Raw registry parsing

In the previous section we looked for a key in the HKEY_CURRENT_USER hive. Any artifacts looking in HKEY_USERS using the Windows API are limited to the set of users currently logged in! We need to parse the raw hive to reliably recover all users.

Each user’s setting is stored in C:\\Users\\<name>\\ntuser.dat which is a raw registry hive file format. We can parse this file using the raw_reg accessor.

When we need to parse a key or value using the raw registry we need to provide it with 3 pieces of information:

  1. The Registry hive file to parse (path)
  2. The Accessor to open that file (scheme)
  3. The Key or Value path within the registry file to open (fragment)

Since the accessor can only receive a single string (file path), we pass these three pieces of information using a URL notation.

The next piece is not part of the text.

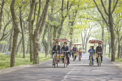 除时鲜蔬菜外,岛上水产十分丰富,青、草、鲢、鳙和其他淡水鱼应有尽有,垂钓是岛上的热门活动之一。相较于餐食,自然清新的环岛风光才是五丰岛吸引年轻人的“流量密码”。自行车骑行爱好者小吴说,岛上的道路设施不错,结伴骑行相当舒服。沿路不仅有田园风光,还有大片芦苇丛、红杉树林,美不胜收。

Do not attempt to build the URL using string concatenation because this will fail to escape properly. Always use the url() VQL function to build the URL for use by the raw_reg accessor.

Raw Registry
Raw Registry

In the above example, we specify to the glob() plugin that we want to open the raw registry file at C:\\Users\\Mike\\ntuser.dat and glob for the pattern /* within it.

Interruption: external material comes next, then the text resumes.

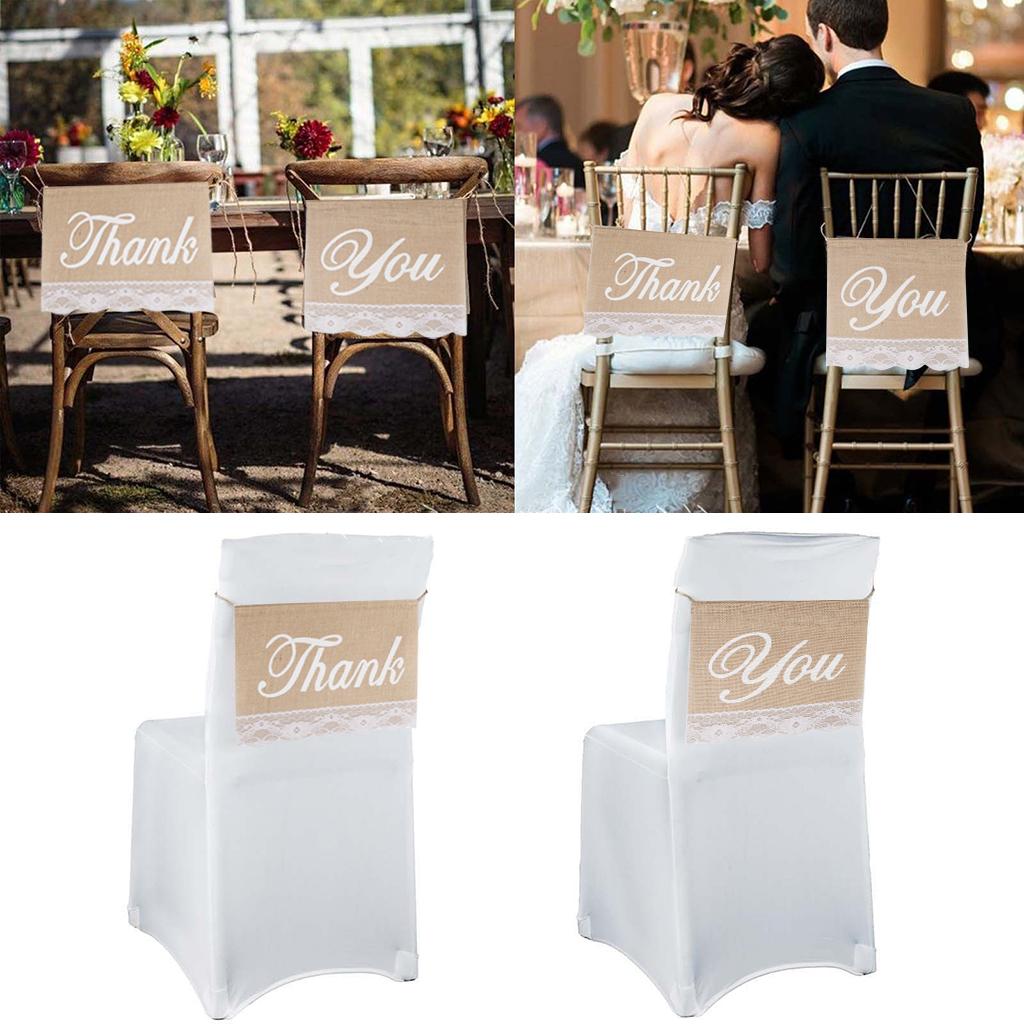 Thank & You Signs Hessian Burlap Chair Banner Rustic Wedding Decoration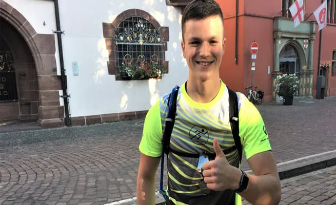 ويعتزم الطالب دينيس هولوب، 16 عاما، قطع مسافة طولها 1120 كيلومترا خلال 16 يوما- بمعدل حوالي 70 كيلومترا في اليوم – والوصول إلى خط النهاية في هامبورج يوم 14 أغسطس المقبل.

Note that the FullPath returned by the accessor is also in URL notation. This is done so that you can feed the FullPath directly to any plugin that uses filenames without conversion - since the raw registry accessor can read the urls it is producing.

If you need to extract the key path within the registry hive, you can use the url() function with the parse argument to parse the url again. The Fragment field represents the key path.

url(scheme='file', path='C:/Users/test/ntuser.dat', fragment='/**/Run/*')

file:///C:/Users/test/ntuser.dat#/**/Run/*

Example: Find autorun files from ntuser.dat

Let’s combine the above query to search all Run keys in all user’s ntuser.dat files.

SELECT * FROM foreach(
row={
   SELECT FullPath AS NTUserPath FROM glob(globs="C:/Users/*/ntuser.dat")
}, query={
   SELECT NTUserPath, url(parse=FullPath).Fragment AS Value, Mtime, Data.value
   FROM glob(
       globs=url(scheme="file", path=NTUserPath,
                 fragment="SOFTWARE/Microsoft/Windows/**/Run/*"),
       accessor="raw_reg")
})

We glob for ntuser.dat files in all user’s home directory, then foreach one of those, we search the raw registry hive for values under the Run or RunOnce key.

Raw Registry Run keys
Raw Registry Run keys

The “data” accessor

VQL contains many plugins that work on files. Sometimes we load data into memory as a string. It is handy to be able to use all the normal file plugins with literal string data - this is what the data accessor is for - when the data accessor is used, it creates an in-memory file with the content of the file being the string that is passed as the filename.

This allows us to use strings in plugins like parse_csv()